1. Tot has NO problem letting me handle him and pet him, but when my girlfriend tries to get him to even perch on her finger he flies away.  Could this be due to the fact that his previous owner was a single guy and Tot is not used to women?

2. Having only one dove, I thought it might be a good idea to put a mirror in Tot's cage. Upon doing so his behavior has become a bit strange. He is making a more "deep throated" cooing sound while bobbing his head up and down. He also started making a very funny "laughing" sound.  Is this a sign of agression towards his mirror reflection? Should I remove the mirror?

Other than those two items Tot seems very happy and content. I just love having him around and I look forward to posting here alot in the future.

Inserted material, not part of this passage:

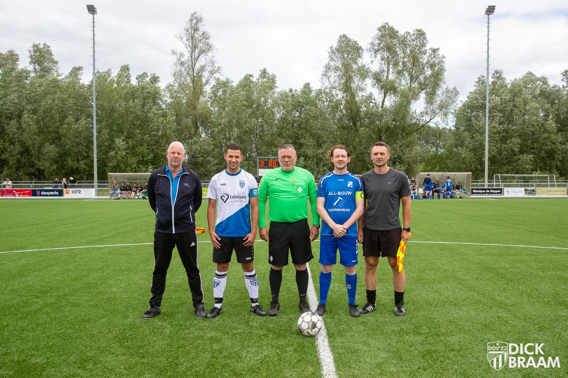 Nadat scheidsrechter Norris beide ploegen in beweging had gezet, trok GVA voorzichtig het initiatief naar zich toe. De eerste kans was dan ook voor de Doornenburgers maar de GVA-aanvaller kreeg in de 8e minuut het leren kleingoed vanaf een meter of 7 niet tussen de palen. DDV’23 reageerde in de tegenstoot maar zag vanuit kansrijke positie een schot geblokt worden. 2 minuten later was het wel raak voor de polderformatie toen Kai Mulder het meest attent reageerde op een bal die min of meer in niemandsland belandde. Met de kop wist hij bekeken de bal over de uitkomende GVA-goalie heen te koppen (1-0). Een wat goedkoop gekregen voorsprong maar daar maalde de polderaanhang natuurlijk niet om. Heel lang heeft het thuispubliek niet kunnen genieten van de voorsprong want amper 2 minuten later had de formatie van trainer Roy van der Hoek de gelijkmaker alweer binnen geprikt. GVA wist optimaal te profiteren van een inschattingsfout in de DDV-defensie en Leroy had geen antwoord op het gekruiste schot van een meter of 10 (1-1). GVA bleef voor rust de betere ploeg en op het half uur had het weinig geluk toen een inzet via de buitenkant van de paal weer het veld insprong. DDV’23 probeerde weliswaar tot aanvallen te komen maar zag veel pogingen rondom de 16 stranden. De Doornenburgers regen de kansen ook niet aaneen maar toonde wel het meeste initiatief. Toen scheidsrechter Horris de teams voor de rust naar binnen floot mocht DDV’23 zich wellicht het meest gelukkige prijzen met de 1-1 ruststand.

Thanks in advance for any and all advice.


----------



## doveone52 (Aug 3, 2009)

Welcome,Justin and girlfriend! I'm so glad to see another ringneck lover. Aren't they just great pets? Sounds like he is just showing off-I think it's a man thing!


----------



## Skyeking (Jan 17, 2003)

Hello and Welcome to Pigeon Talk,

Sounds like you have found a wonderful pet. 
I've never had a dove but I understand they can be every bit as social and engaging pigeons.


----------



## spirit wings (Mar 29, 2008)

doves can be pretty aggresive when they are protecting their turf..my thought is they do better in pairs or a trio or even an aviary with more doves.. keeping a lone dove without him being able to have a wife and do all those things doves do and alot of it is nesting and wooing his mate and making house.. would or could get lonely IMO.. time wise it is hard to meet all his needs for a mate.. I would get him a hen, and introduce slowly...he just may see you as his mate and the new bird as competition.. untill they figure out who is who and get used to each other the hen may accept him.


----------



## Ross Howard (Nov 26, 2009)

Talking to his reflection is normal but he will fall for mirror image & you will lose him as buddy. Also same will happen with a mate unless you can train both to be your buddy. Has been my experience with doves , pigeons , chickens & ducks with the males.


----------



## CG_Justin (Nov 16, 2010)

Thanks for the warm welcome and advice all.  I think I will be removing the mirror for now as I would like him to remain my "buddy" and not fall in love with himself.


----------



## Doves1111 (Mar 5, 2005)

Hi Justin...welcome to PT. Single doves make wonderful pets, but because they are alone...they need a lot of human attention and interaction. Removing the mirror is a good idea...especially if you want him to be your buddy. Being afraid of your girlfriend is probably like you said...he is not used to women. Have your girlfriend feed him his favorite treat. Give him time and he should come around. Most pet birds usually have one favorite person...in my house, that would be me! 

Dawn


----------



## Jaye (Mar 13, 2008)

Justin...how about a photo ? (Of the dove, that is....)


----------



## ptras (Jun 29, 2010)

CG_Justin said:


> Thanks for the warm welcome and advice all.  I think I will be removing the mirror for now as I would like him to remain my "buddy" and not fall in love with himself.


Shouldn't be a problem. Pigeons (and I assume doves) are one of only three animals that pass the "mirror test." That is, they recognize the reflection to be themselves rather than another bird. If your dove is displaying mating behavior (as it appears he is) in front of the mirror, it will only be a matter of time before he should figure out he is trying to woo himself.


----------